DATA BLOCK -

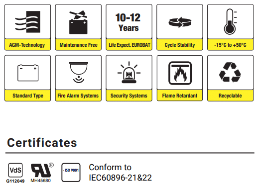 FA2005-A1 Batería 12V, 18Ah para sistemas de detección de incendios, Certificada VdS
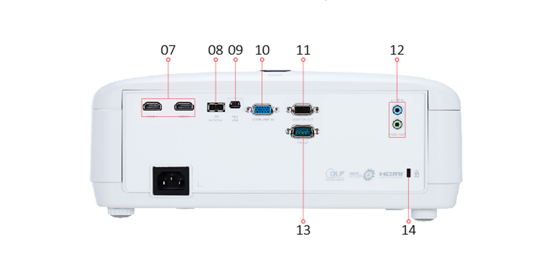 | 1. Nút nguồn kèm cảm biến hồng ngoại | 5. Zoom/ Focus | 9. Mini USB for service | 13. Cổng RS232 |
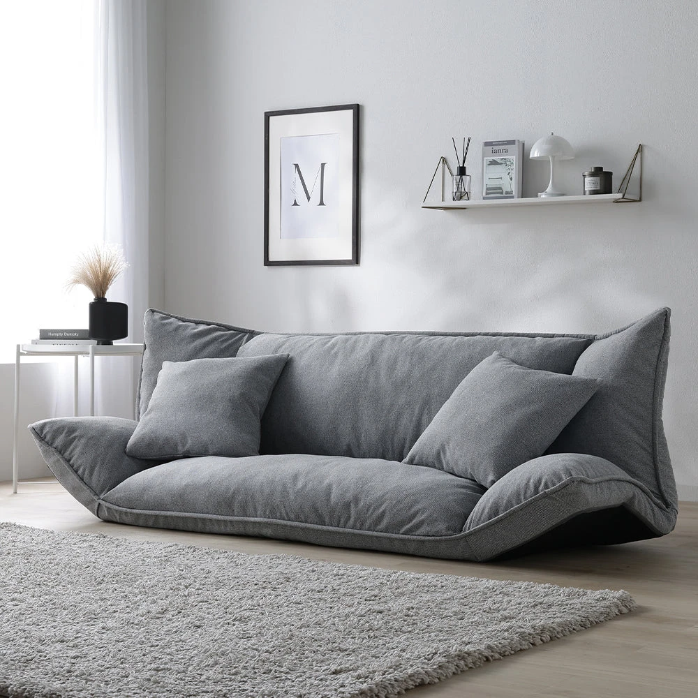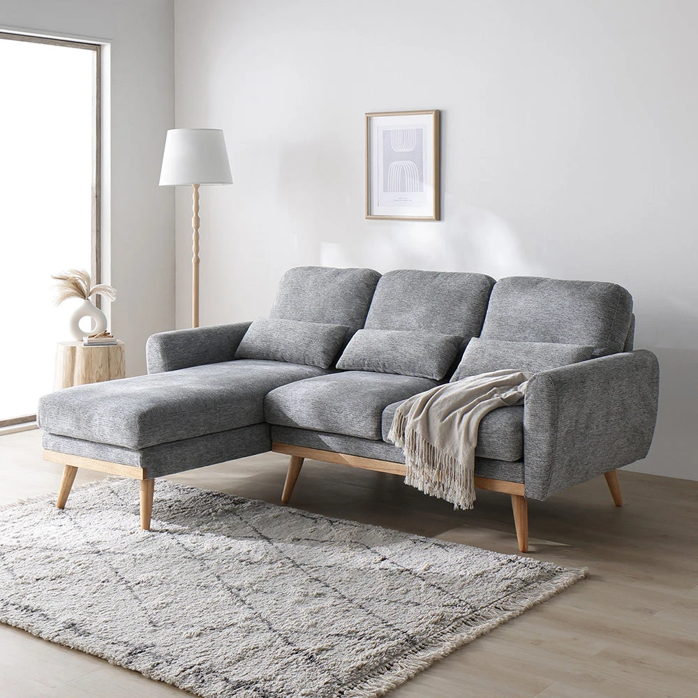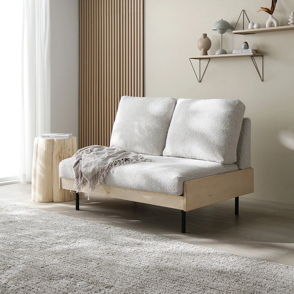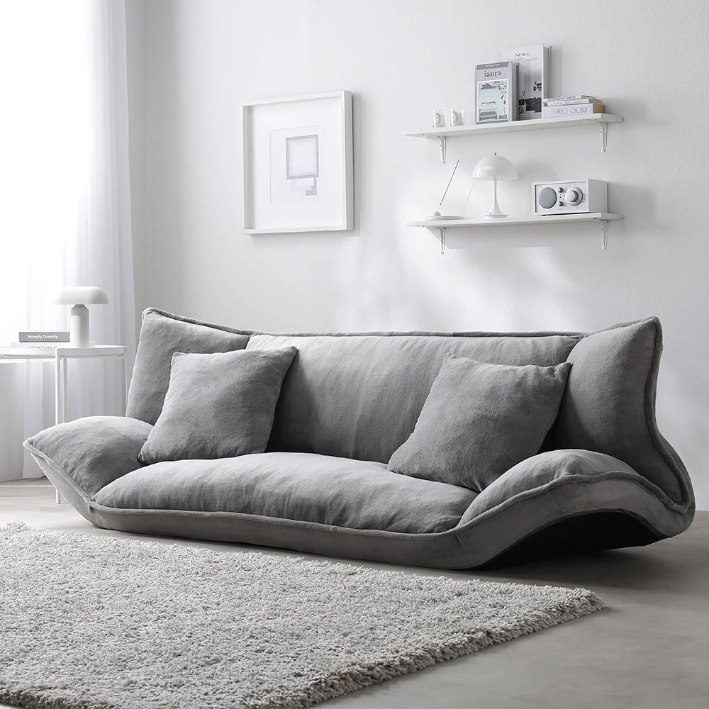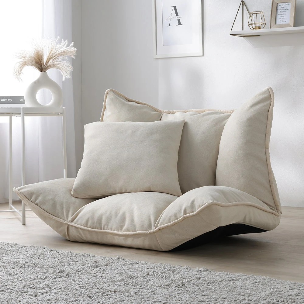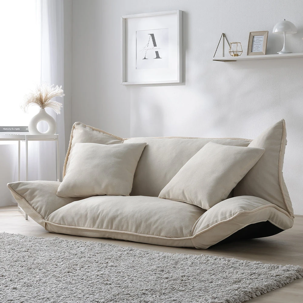 1部屋の形に合わせて形を変え暮らしに寄り添うファブリックソファ ベージュ×ブラック オットマン単品
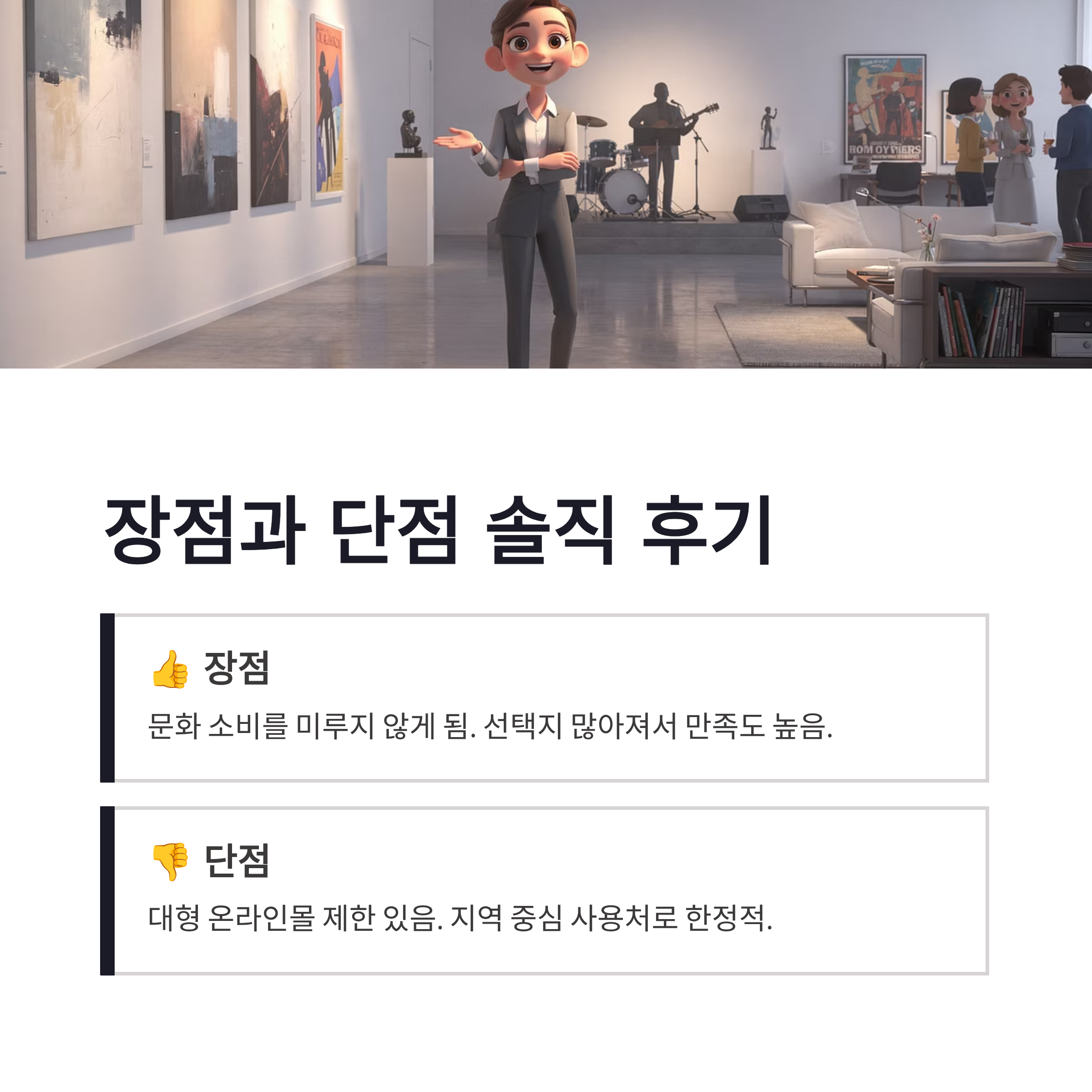 2026년에 들어서 문화누리카드 사용처가 확실히 넓어졌다는 느낌이 들었습니다. 영화관, 서점은 기본이고 공연·전시·국내여행까지 이어지니까 선택지가 많아졌어요. 저는 개인적으로 영화 예매랑 동네 서점에서 제일 많이 썼는데, 결제될 때마다 괜히 기분 좋아짐 ㅋㅋ 장점은 분명합니다. 문화 소비를 미루지 않게 된다는 점. 반대로 단점은 대형 온라인몰에서는 여전히 제한이 있다는 부분인데요. 그래도 지역 중심 문화생활용으로는 충분하다고 느꼈습니다.

WORK ORDER -
Exclude the images, then output the data above word for word.

WRITTEN ANSWER -
 FA2005-A1 Batería 12V, 18Ah para sistemas de detección de incendios, Certificada VdS
 | 1. Nút nguồn kèm cảm biến hồng ngoại | 5. Zoom/ Focus | 9. Mini USB for service | 13. Cổng RS232 |
 1部屋の形に合わせて形を変え暮らしに寄り添うファブリックソファ ベージュ×ブラック オットマン単品
 2026년에 들어서 문화누리카드 사용처가 확실히 넓어졌다는 느낌이 들었습니다. 영화관, 서점은 기본이고 공연·전시·국내여행까지 이어지니까 선택지가 많아졌어요. 저는 개인적으로 영화 예매랑 동네 서점에서 제일 많이 썼는데, 결제될 때마다 괜히 기분 좋아짐 ㅋㅋ 장점은 분명합니다. 문화 소비를 미루지 않게 된다는 점. 반대로 단점은 대형 온라인몰에서는 여전히 제한이 있다는 부분인데요. 그래도 지역 중심 문화생활용으로는 충분하다고 느꼈습니다.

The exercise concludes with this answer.